William R. Johnson - 5/22/20
 

William R. Johnson (Photo: Metro Nashville Police Department)

 

NASHVILLE, TN (WSMV) - A grassroots organization in Nashville is calling for an “immediate investigation” into the shooting of a 48-year-old man by the Metro Police Department last month.

William Johnson Jr. shot an off-duty Metro Police Officer Darrell Osment while he was walking his dog near the intersection of Pine Valley and Bull Run roads on May 21.

Johnson fled the scene and fired on officers pursuing him during a "high speed chase" near the intersection of Clarksville Pike and Ed Temple Boulevard, police said.

An officer attempted to deploy spike strips to stop the car near the intersection of Ed Temple and Dr. D.B. Todd boulevards, according to police.
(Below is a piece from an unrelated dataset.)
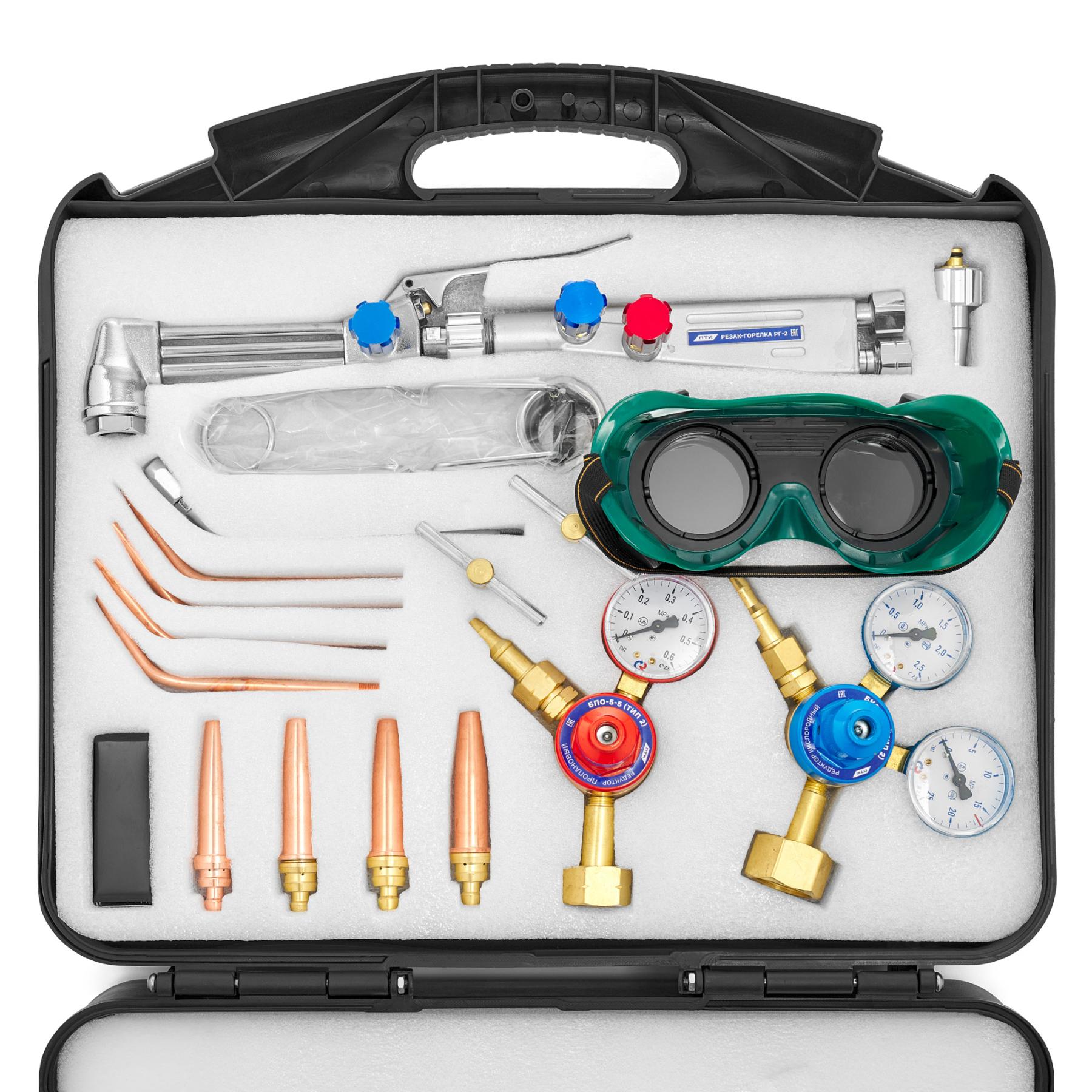 Комплект газосварщика КГС 2-02 - это расширенный профессиональный набор оборудования для ручной газовой сварки, резки, пайки и нагрева металлов с использованием ацетилена и пропана в качестве горючего газа.

Police said reported that Johnson fired more shots at officers.

A spike strip was used on I-440, where Johnson stopped, and police said he exchanged fire with officers. Three Metro officers fired on the suspect and Johnson died at the scene. TBI said there were about 50 shots fired on I-440.

Community Oversight Nashville Now is a grassroots organization that campaigned for Community Oversight Board in Nashville and works for police accountability in the city. They are saying there are "several concerns yet to be addressed." They are now calling on the Community Oversight Board and District Attorney to investigate the shooting.

The concerns by the Community Oversight Now start with Osment being the only eyewitness to the initial shooting.

Their second concern is Osment and Johnson said hello to each other before he fled the scene in his car. Community Oversight Now said Johnson has a history of sleeping in church parking lots where his car could have been parked.

Third, Community Oversight Now said there is no footage of the incidents between Johnson and the Metro Police Department.

Community Oversight Now said it is unclear if Johnson knew Osment was a police officer since he was not wearing his uniform. Community Oversight Now added it is unclear if Osment after identified himself as a police officer.

It is unclear if Johnson ever left his vehicle and even approached Osment because he has a history of sleeping in church parking lots.

Community Oversight Now said they talked with Johnson family and they said they had concerns with the case.

“We may never know the full story of the extrajudicial killing of Mr. Johnson by the MNPD. But what we do know is that the details of the incident that lead to Johnson’s death are sketchy and rest solely on the account provided by MNPD,” Community Oversight Now said on its social media pages.

Community Oversight Now called for an “immediate investigation” into the shooting.

“At this unprecedented moment in history, Nashville’s public officials must demonstrate their commitment to police accountability,” Community Oversight Now said on its social media pages.